### Assigned task
Please reproduce the data exactly, excluding any pictures it contains.

### Dataset section
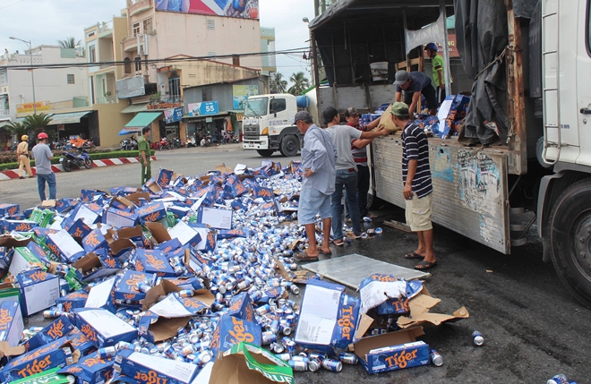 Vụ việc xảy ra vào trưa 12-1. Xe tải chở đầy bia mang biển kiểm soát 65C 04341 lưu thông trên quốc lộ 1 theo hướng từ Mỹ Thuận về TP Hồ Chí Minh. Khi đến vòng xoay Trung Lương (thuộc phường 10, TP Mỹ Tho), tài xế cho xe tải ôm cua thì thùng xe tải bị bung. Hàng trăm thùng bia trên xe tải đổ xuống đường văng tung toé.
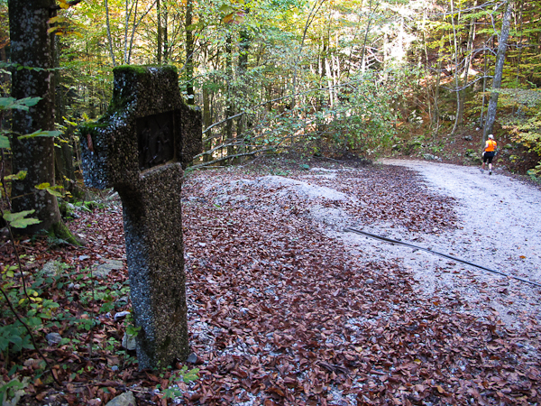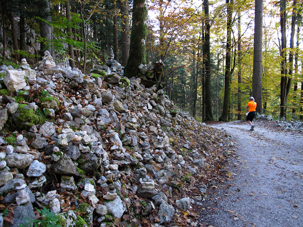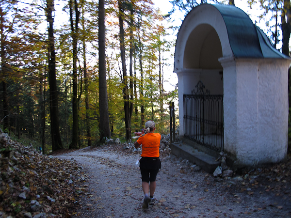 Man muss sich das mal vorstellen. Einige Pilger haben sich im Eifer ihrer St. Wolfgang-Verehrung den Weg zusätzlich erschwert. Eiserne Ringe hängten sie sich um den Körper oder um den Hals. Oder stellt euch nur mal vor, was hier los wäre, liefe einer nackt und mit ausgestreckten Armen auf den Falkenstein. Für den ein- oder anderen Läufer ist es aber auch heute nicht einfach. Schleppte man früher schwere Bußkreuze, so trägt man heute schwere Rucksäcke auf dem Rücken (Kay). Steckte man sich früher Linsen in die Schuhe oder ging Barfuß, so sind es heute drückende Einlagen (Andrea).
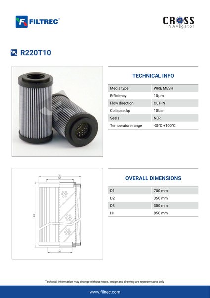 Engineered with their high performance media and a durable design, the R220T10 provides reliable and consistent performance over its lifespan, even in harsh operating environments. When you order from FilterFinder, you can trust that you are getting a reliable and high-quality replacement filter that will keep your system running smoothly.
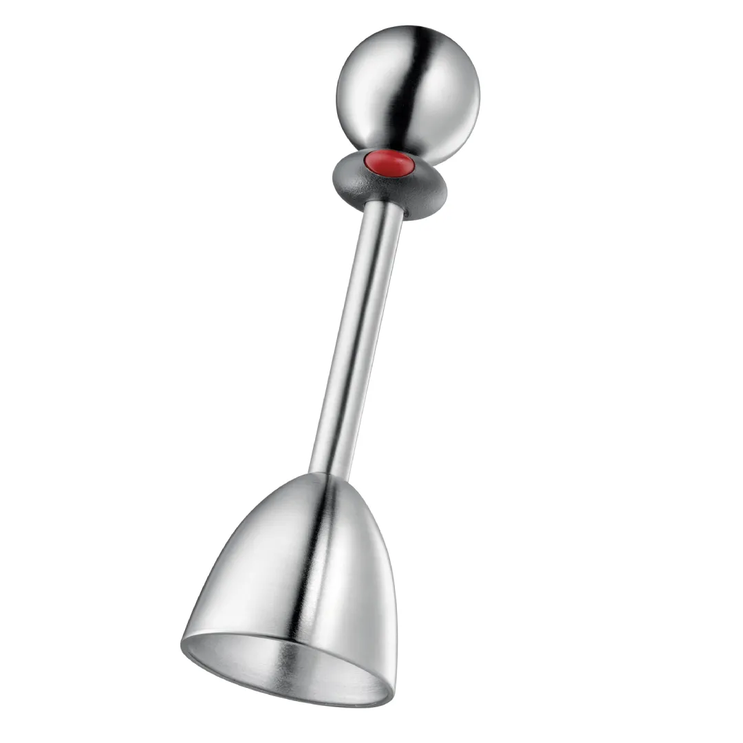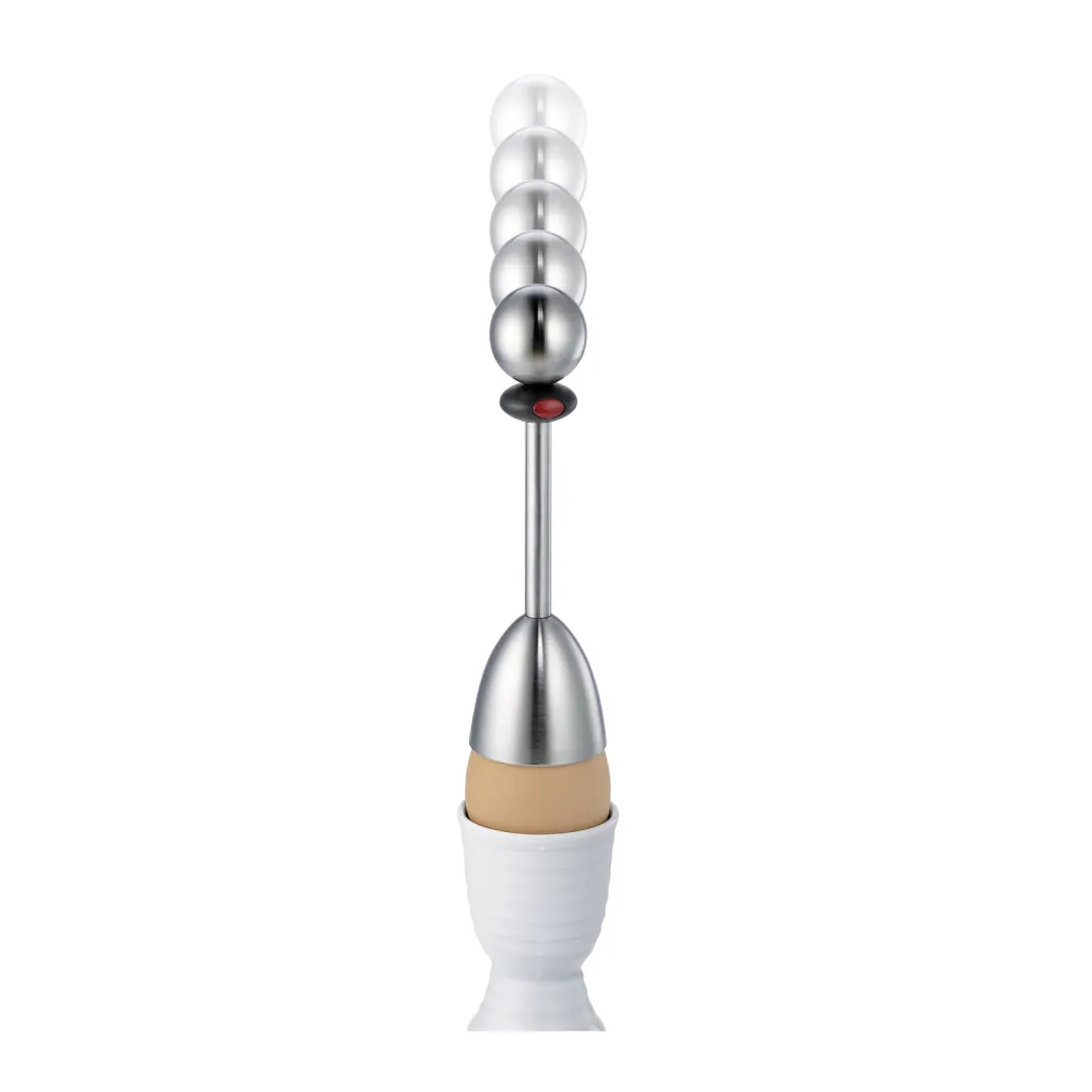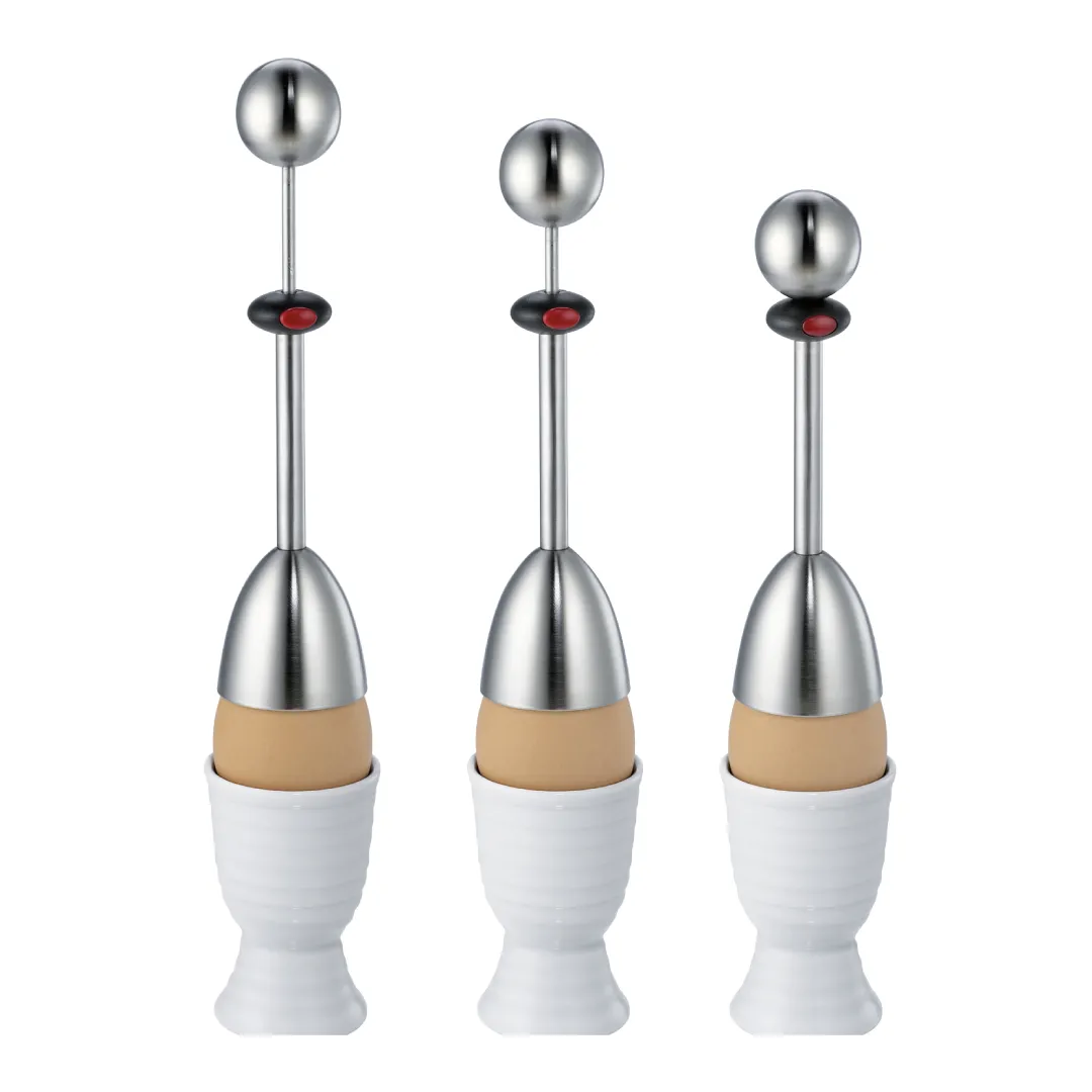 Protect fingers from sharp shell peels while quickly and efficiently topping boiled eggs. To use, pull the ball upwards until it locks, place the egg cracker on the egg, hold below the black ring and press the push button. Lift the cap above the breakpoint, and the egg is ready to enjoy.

### Output for this exercise
 Vụ việc xảy ra vào trưa 12-1. Xe tải chở đầy bia mang biển kiểm soát 65C 04341 lưu thông trên quốc lộ 1 theo hướng từ Mỹ Thuận về TP Hồ Chí Minh. Khi đến vòng xoay Trung Lương (thuộc phường 10, TP Mỹ Tho), tài xế cho xe tải ôm cua thì thùng xe tải bị bung. Hàng trăm thùng bia trên xe tải đổ xuống đường văng tung toé.
 Man muss sich das mal vorstellen. Einige Pilger haben sich im Eifer ihrer St. Wolfgang-Verehrung den Weg zusätzlich erschwert. Eiserne Ringe hängten sie sich um den Körper oder um den Hals. Oder stellt euch nur mal vor, was hier los wäre, liefe einer nackt und mit ausgestreckten Armen auf den Falkenstein. Für den ein- oder anderen Läufer ist es aber auch heute nicht einfach. Schleppte man früher schwere Bußkreuze, so trägt man heute schwere Rucksäcke auf dem Rücken (Kay). Steckte man sich früher Linsen in die Schuhe oder ging Barfuß, so sind es heute drückende Einlagen (Andrea).
 Engineered with their high performance media and a durable design, the R220T10 provides reliable and consistent performance over its lifespan, even in harsh operating environments. When you order from FilterFinder, you can trust that you are getting a reliable and high-quality replacement filter that will keep your system running smoothly.
 Protect fingers from sharp shell peels while quickly and efficiently topping boiled eggs. To use, pull the ball upwards until it locks, place the egg cracker on the egg, hold below the black ring and press the push button. Lift the cap above the breakpoint, and the egg is ready to enjoy.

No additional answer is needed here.